Advice I would give to moms going through this:
- Listen to your gut – My pediatrician told me that it was probably just dairy but I knew that it wasn’t. It was tough, but I figured out what the issue was pretty quickly in both cases. And I am telling you, the only way I figured out it was corn with Alex was a little voice inside of me that said it when I read the word. I don’t know how to explain it, but it was a general feeling of knowing that I had to trust in spite of people thinking I was crazy.
- Read this post on tips for going dairy free – Dairy is in a lot of things and is hidden under other words like Whey. I think each kid’s level of intolerance is different, but both of mine were bad so I had to be very careful, even when going out to eat.
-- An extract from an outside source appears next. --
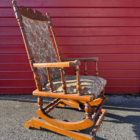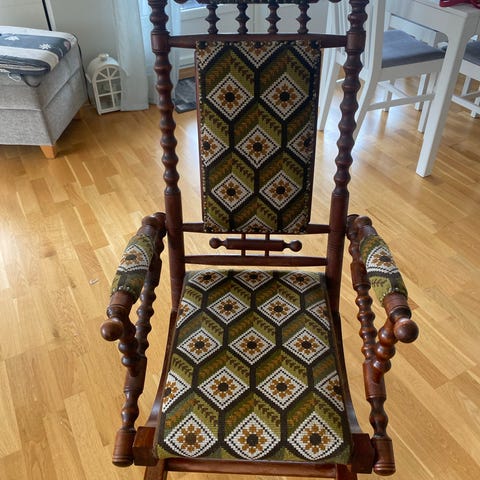 Gyngestol med polstret sete og rygg i brunmønstret stoff. Stolen har armlener og understell i treverk med buede meier som gir gyngefunksjon.

- Eating dairy free is hard. And for me, it was easiest to go to places that were more expensive. Expensive grocery stores and expensive restaurants were a lot more willing to work with me on the no dairy diet. I spent most of my time at Whole Foods and restaurants like Rick Erwin’s because it was much easier to ask for no dairy. I am grateful to have had the means to do that. The challenge is that if your child has a dairy issue and you decide to do formula, the allergen friendly formula is pretty expensive too. The key is learning how to cook, prepare meals, and always have your own snacks.
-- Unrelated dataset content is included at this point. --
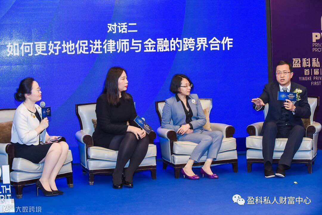 第二场对话的主题是《如何更好地促进律师与金融机构的跨界合作》,分享的嘉宾一共有六位,分为两组,第一组的嘉宾是:中伦上海律师事务所的合伙人贾明军律师,笨鸟俱乐部的创始人,知名的婚姻财富管理律师;德裕世家家族办公室业务总监魏玲女士,魏总有超过十五年以上的商业银行从业经验,先后在花旗银行、瑞银集团为上百位超高净值的客户提供个人及家庭的财富管理;宜信财富总经理鲁海洋女士,曾任职于恒生银行私人银行(香港)和花旗银行(中国)信贷部。在第一组嘉宾对话中,接地气、陪伴式地与客户交往,深入了解客户的需求,赢得客户真正的信任一直是对话的焦点,贾明军律师说在面对客户的时候要懂得用加法,在选择金融机构的时候要学会用减法。

- It’s a choice. You do not have to choose to do this. If it’s too hard for you, formula is just as good. If you do decide to continue breastfeeding, it may feel really hard, but you always have a choice.
- They grow out of it. Ellie was able to eat a full range of things around 13 months. Alex is slowly working there, but at almost 3 years old, he can finally eat most things. I still don’t give him full on dairy, like cheese or milk, but will give him things that are cooked with it. Hang in there, it’s a short period of time, and it will be over before you know it!
In case you never read the actual paragraphs, I want to break down the information into key points.
- Symptoms of an intolerance include bumps on the skin, mucous in the stools, stools that are orange-yellow or green, visible discomfort, and fussiness, not wanting to lay down on baby’s back
- Watch out for dairy and soy. Pay attention to hidden words like casein or whey. Also, goat milk is typically an issue as well. For Alex, it upset his stomach even more than the dairy.
- Sometimes, it could be an oversupply issues instead of a food interolance
- You have a choice if it’s too hard to eliminate from you diet. Take care of you first.